* **Exercise details**:
Look for the word "Котов" in the records, and copy each line where it appears.

* **Provided entries**:
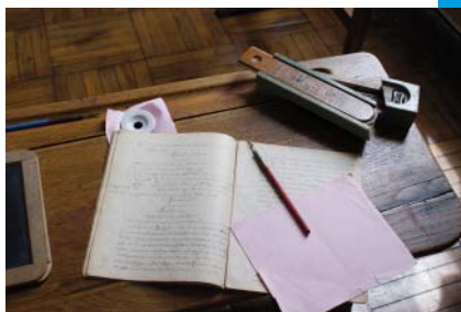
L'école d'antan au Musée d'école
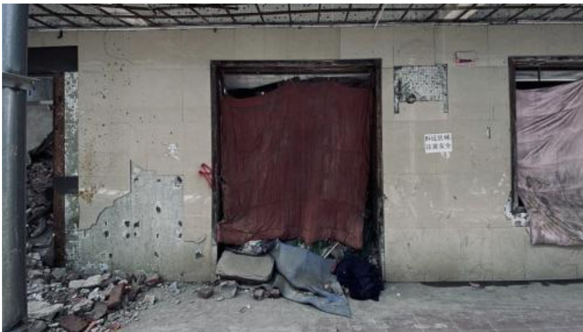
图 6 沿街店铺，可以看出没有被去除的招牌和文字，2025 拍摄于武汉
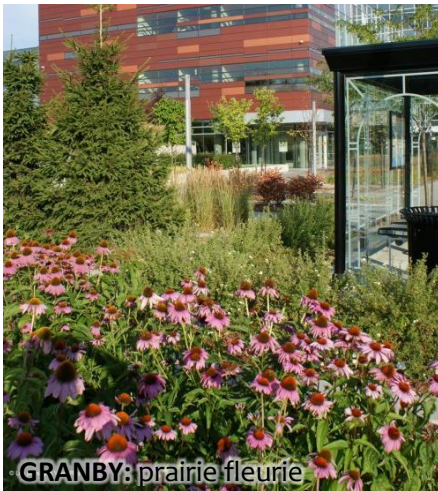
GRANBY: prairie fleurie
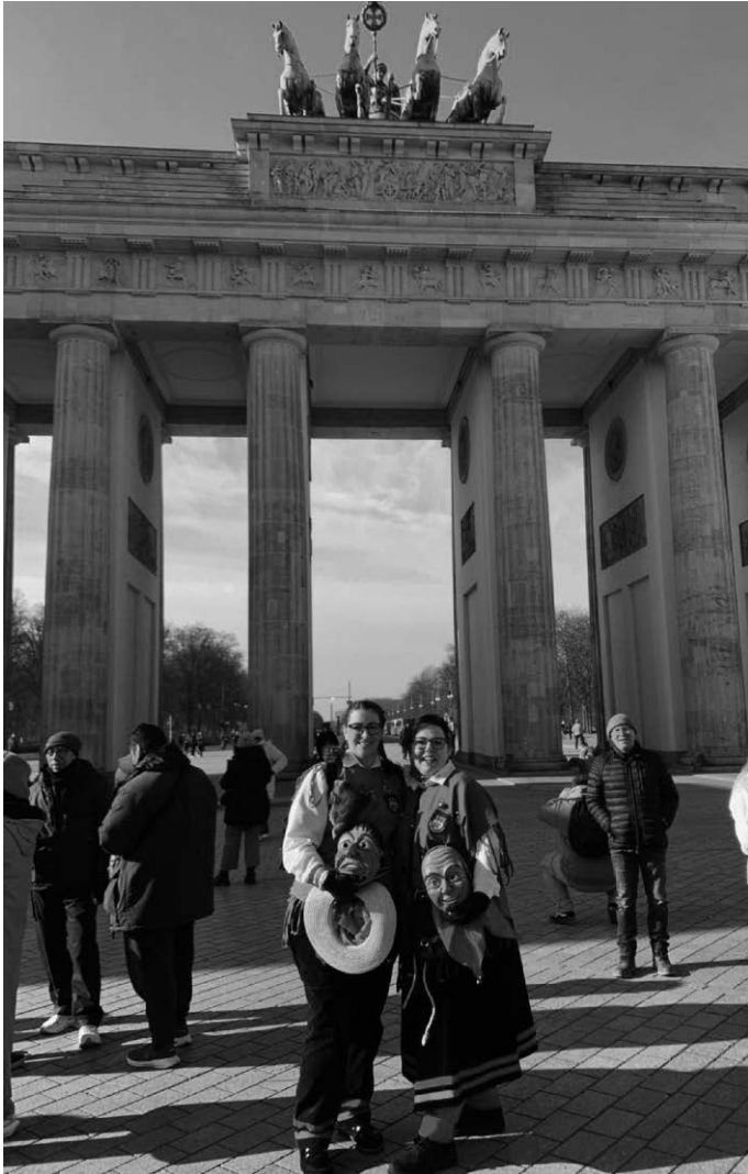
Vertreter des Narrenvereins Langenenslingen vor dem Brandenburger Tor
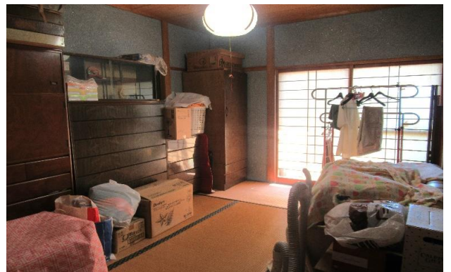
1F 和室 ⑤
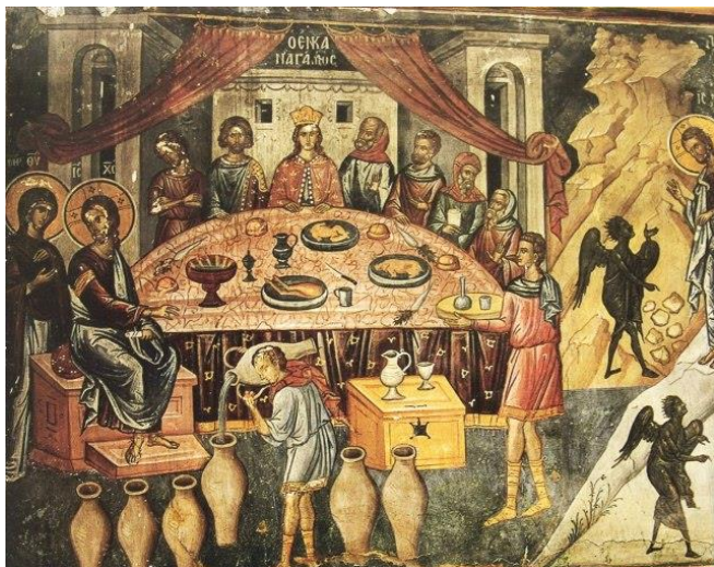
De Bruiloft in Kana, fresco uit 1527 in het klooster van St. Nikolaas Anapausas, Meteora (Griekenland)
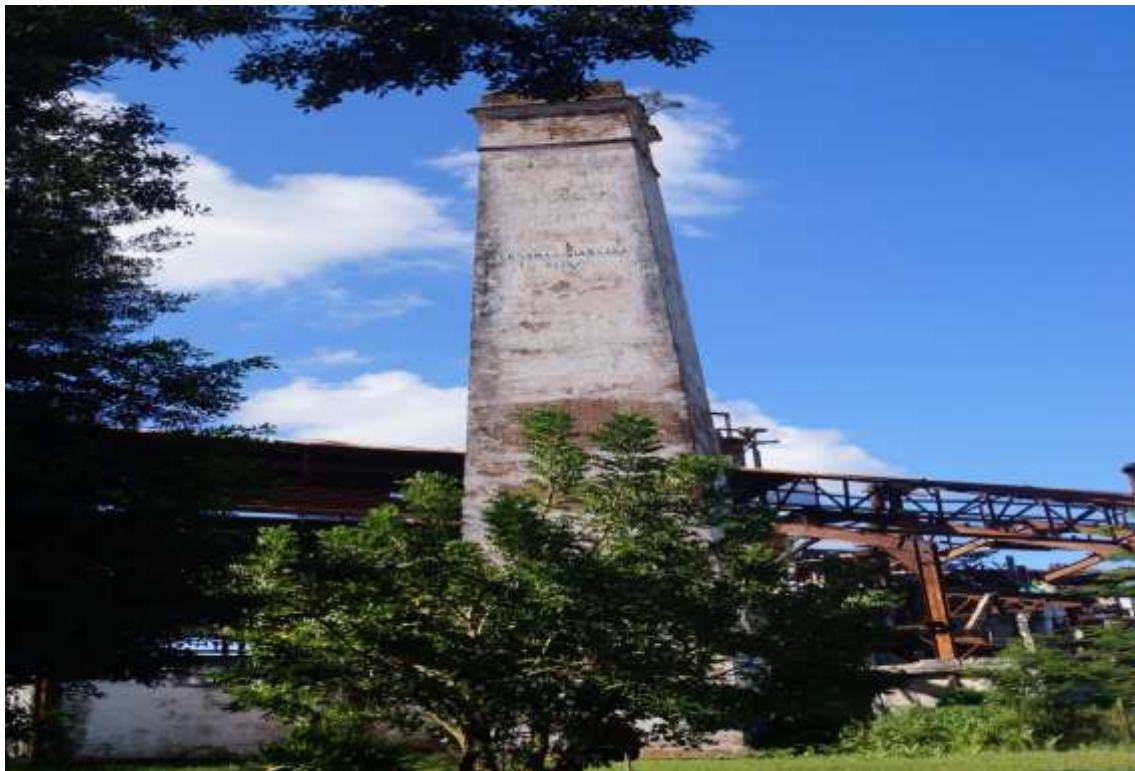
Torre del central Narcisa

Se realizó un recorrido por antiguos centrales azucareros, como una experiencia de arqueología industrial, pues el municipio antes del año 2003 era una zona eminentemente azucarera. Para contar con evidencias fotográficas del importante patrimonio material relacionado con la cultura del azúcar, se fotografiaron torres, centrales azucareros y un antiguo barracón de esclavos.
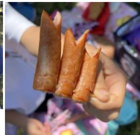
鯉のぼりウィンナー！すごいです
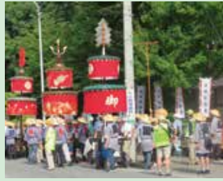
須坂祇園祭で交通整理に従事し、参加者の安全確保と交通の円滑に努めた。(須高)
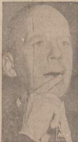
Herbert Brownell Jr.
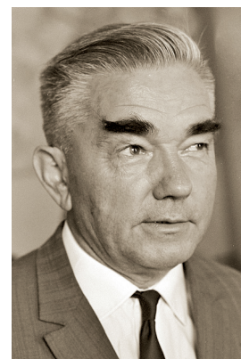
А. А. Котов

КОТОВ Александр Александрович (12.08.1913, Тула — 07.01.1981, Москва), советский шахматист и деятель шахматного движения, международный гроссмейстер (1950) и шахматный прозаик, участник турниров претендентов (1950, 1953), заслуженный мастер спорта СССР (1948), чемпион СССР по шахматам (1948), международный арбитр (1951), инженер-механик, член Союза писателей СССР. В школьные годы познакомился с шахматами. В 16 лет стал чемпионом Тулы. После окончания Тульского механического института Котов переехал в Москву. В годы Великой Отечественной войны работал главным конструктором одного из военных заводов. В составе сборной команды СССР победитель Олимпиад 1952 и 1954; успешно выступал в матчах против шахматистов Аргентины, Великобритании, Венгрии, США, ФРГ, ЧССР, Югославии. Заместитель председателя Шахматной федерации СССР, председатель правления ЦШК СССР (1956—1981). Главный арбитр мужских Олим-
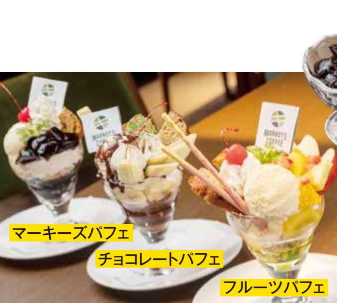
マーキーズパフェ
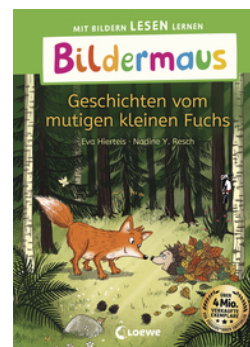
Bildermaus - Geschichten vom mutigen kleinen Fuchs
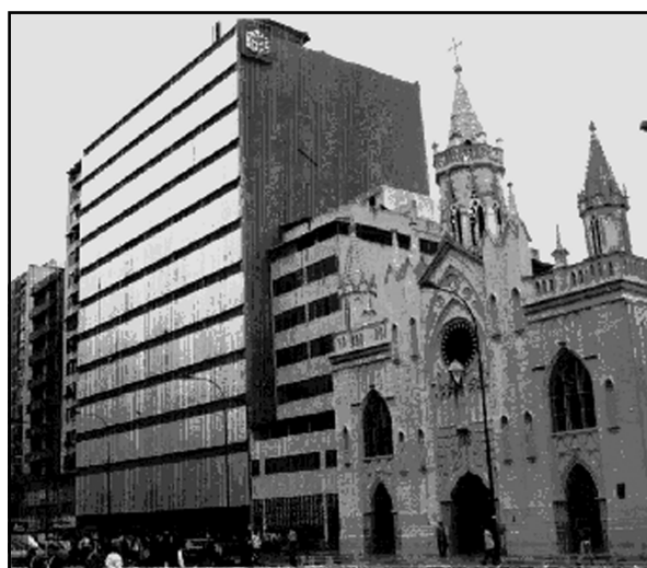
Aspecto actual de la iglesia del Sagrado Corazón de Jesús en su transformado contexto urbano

* **Answer space**:
А. А. Котов
КОТОВ Александр Александрович (12.08.1913, Тула — 07.01.1981, Москва), советский шахматист и деятель шахматного движения, международный гроссмейстер (1950) и шахматный прозаик, участник турниров претендентов (1950, 1953), заслуженный мастер спорта СССР (1948), чемпион СССР по шахматам (1948), международный арбитр (1951), инженер-механик, член Союза писателей СССР. В школьные годы познакомился с шахматами. В 16 лет стал чемпионом Тулы. После окончания Тульского механического института Котов переехал в Москву. В годы Великой Отечественной войны работал главным конструктором одного из военных заводов. В составе сборной команды СССР победитель Олимпиад 1952 и 1954; успешно выступал в матчах против шахматистов Аргентины, Великобритании, Венгрии, США, ФРГ, ЧССР, Югославии. Заместитель председателя Шахматной федерации СССР, председатель правления ЦШК СССР (1956—1981). Главный арбитр мужских Олим-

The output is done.